Among the entries below, only the lines from the one with "男子校の埼玉県立浦和高等学校" through the one with "Llama 3.1 论文中的注释图,描述了后训练过程" are to be retyped, exactly and without pictures.

*Excerpted data:*
_____

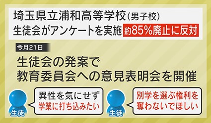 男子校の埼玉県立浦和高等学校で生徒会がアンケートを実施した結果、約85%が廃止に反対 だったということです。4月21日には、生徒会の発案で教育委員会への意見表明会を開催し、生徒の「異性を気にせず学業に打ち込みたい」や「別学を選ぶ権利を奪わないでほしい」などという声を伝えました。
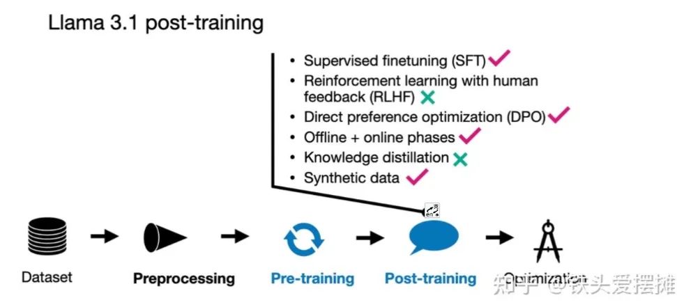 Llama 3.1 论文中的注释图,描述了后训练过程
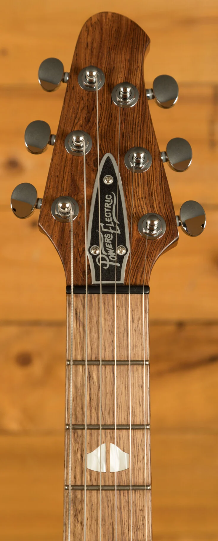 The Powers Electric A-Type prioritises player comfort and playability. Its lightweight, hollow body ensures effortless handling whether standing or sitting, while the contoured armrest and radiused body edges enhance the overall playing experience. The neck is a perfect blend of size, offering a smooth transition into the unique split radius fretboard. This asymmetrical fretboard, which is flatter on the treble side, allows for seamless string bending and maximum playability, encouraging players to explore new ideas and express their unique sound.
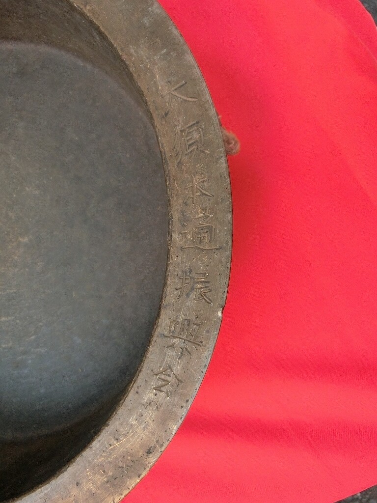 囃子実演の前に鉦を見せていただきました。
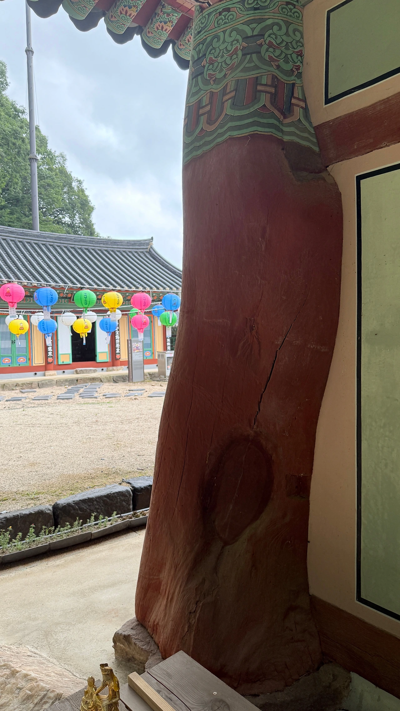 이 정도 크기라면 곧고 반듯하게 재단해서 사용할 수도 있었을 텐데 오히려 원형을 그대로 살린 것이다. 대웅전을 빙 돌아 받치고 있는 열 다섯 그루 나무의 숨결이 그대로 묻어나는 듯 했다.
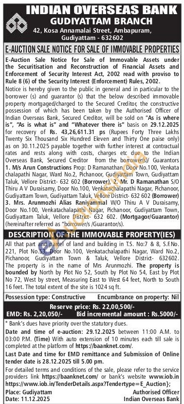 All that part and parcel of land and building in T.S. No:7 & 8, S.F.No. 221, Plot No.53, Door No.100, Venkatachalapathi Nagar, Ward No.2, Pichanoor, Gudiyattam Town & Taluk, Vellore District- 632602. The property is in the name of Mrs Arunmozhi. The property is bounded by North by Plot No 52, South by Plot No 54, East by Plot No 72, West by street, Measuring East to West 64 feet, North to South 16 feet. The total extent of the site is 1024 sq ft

_____

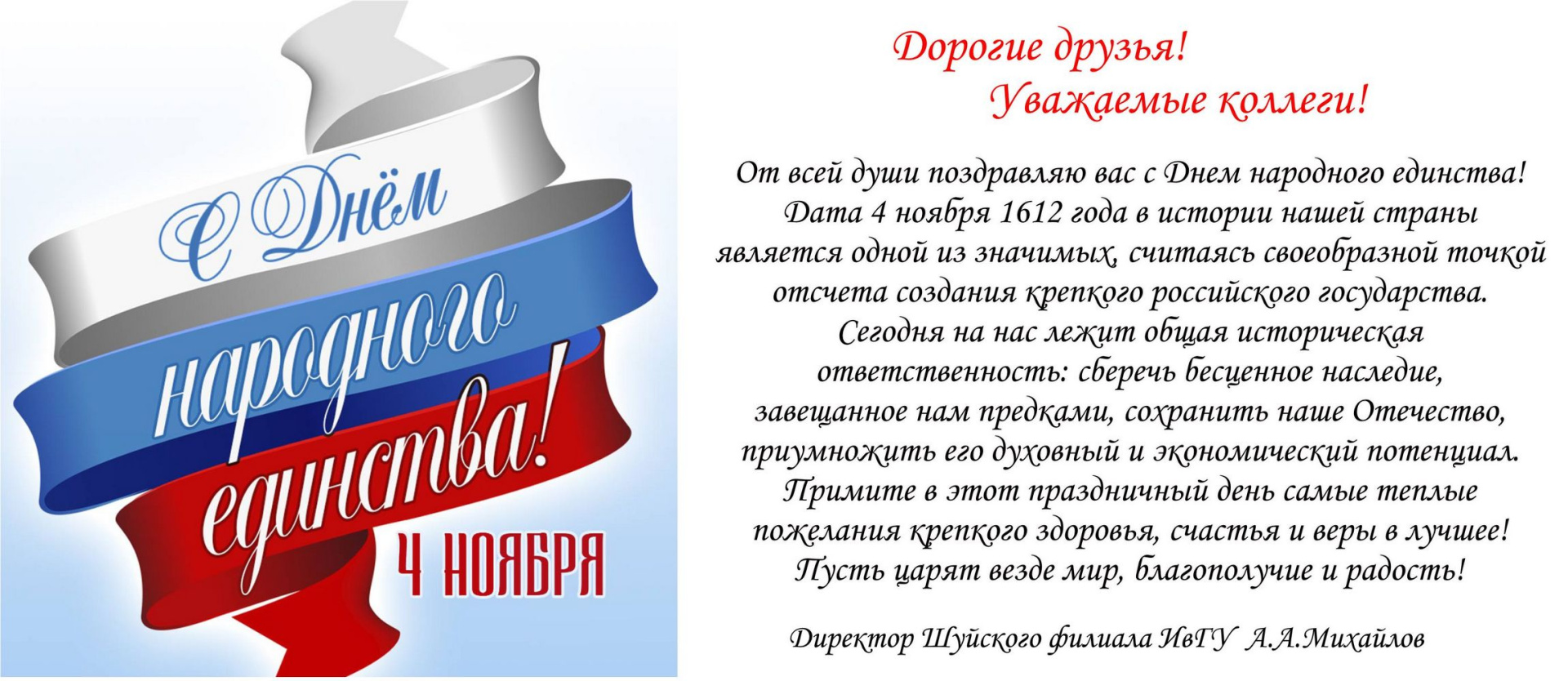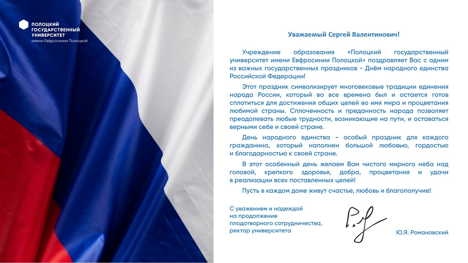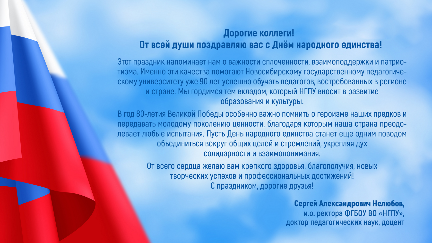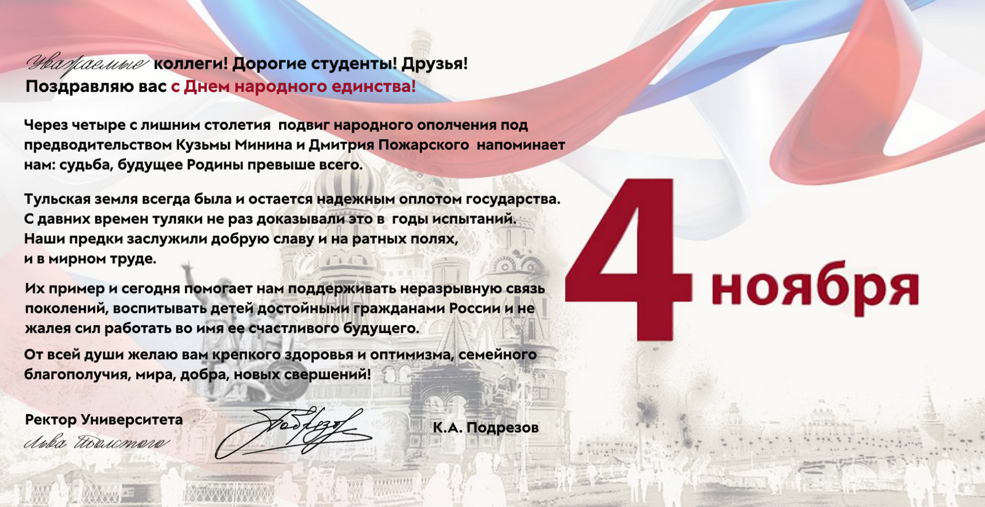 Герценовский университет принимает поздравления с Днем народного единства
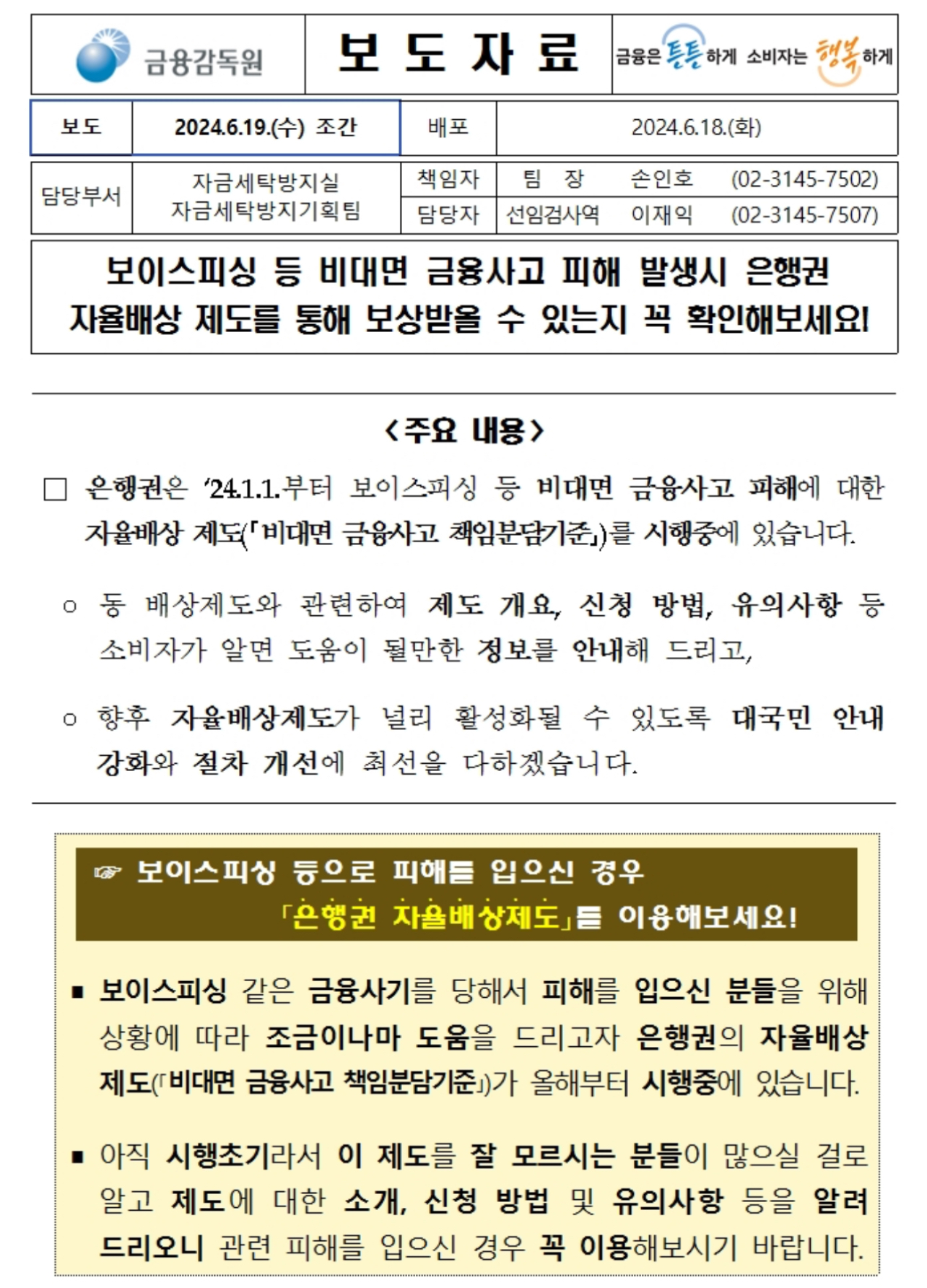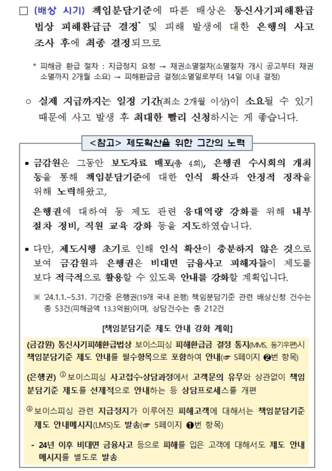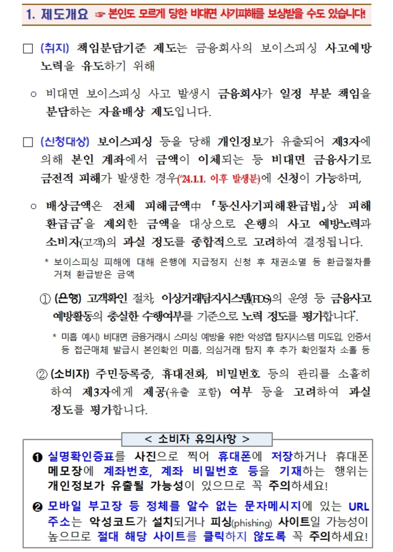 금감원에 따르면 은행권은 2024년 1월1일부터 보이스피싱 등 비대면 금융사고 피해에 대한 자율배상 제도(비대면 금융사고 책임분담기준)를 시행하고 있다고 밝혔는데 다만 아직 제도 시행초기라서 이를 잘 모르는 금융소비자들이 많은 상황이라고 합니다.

_____

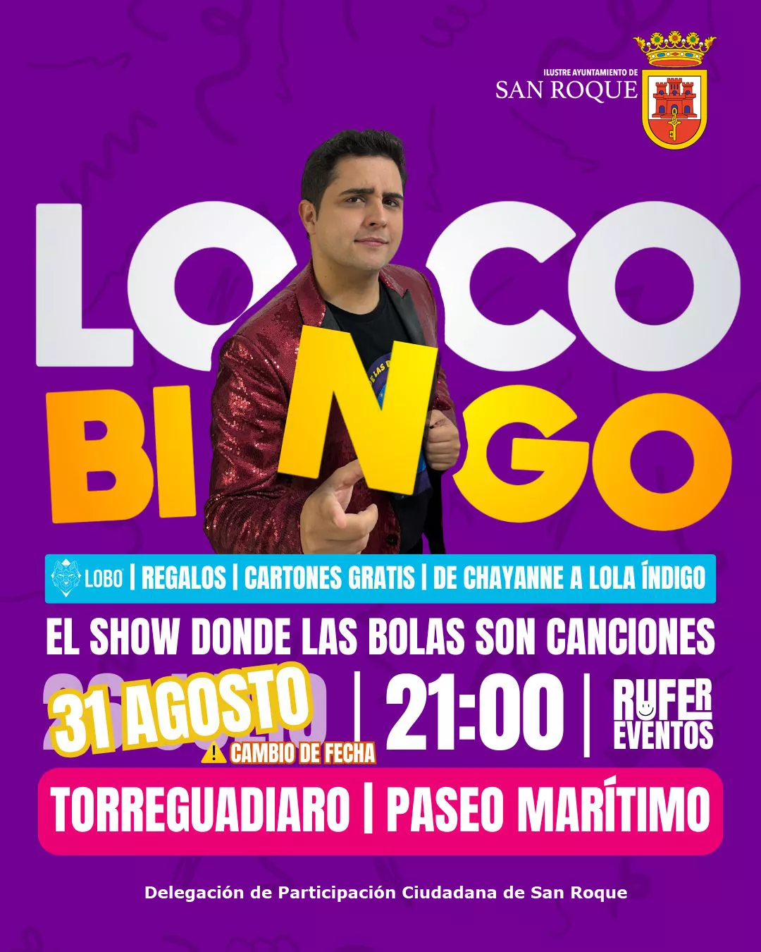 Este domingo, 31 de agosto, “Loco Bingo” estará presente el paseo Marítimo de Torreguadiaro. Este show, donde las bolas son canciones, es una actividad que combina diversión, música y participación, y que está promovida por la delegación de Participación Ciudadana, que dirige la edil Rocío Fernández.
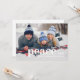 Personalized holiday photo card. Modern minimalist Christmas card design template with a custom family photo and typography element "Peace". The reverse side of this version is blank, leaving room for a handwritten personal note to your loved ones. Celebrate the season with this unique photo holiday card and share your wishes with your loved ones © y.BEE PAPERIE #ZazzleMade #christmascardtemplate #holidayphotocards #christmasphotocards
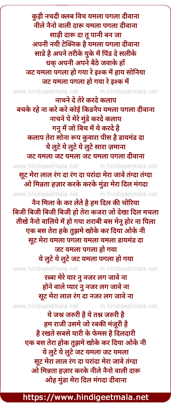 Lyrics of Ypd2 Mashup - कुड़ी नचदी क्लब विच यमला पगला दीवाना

_____

*Exercise output:*
 男子校の埼玉県立浦和高等学校で生徒会がアンケートを実施した結果、約85%が廃止に反対 だったということです。4月21日には、生徒会の発案で教育委員会への意見表明会を開催し、生徒の「異性を気にせず学業に打ち込みたい」や「別学を選ぶ権利を奪わないでほしい」などという声を伝えました。
 Llama 3.1 论文中的注释图,描述了后训练过程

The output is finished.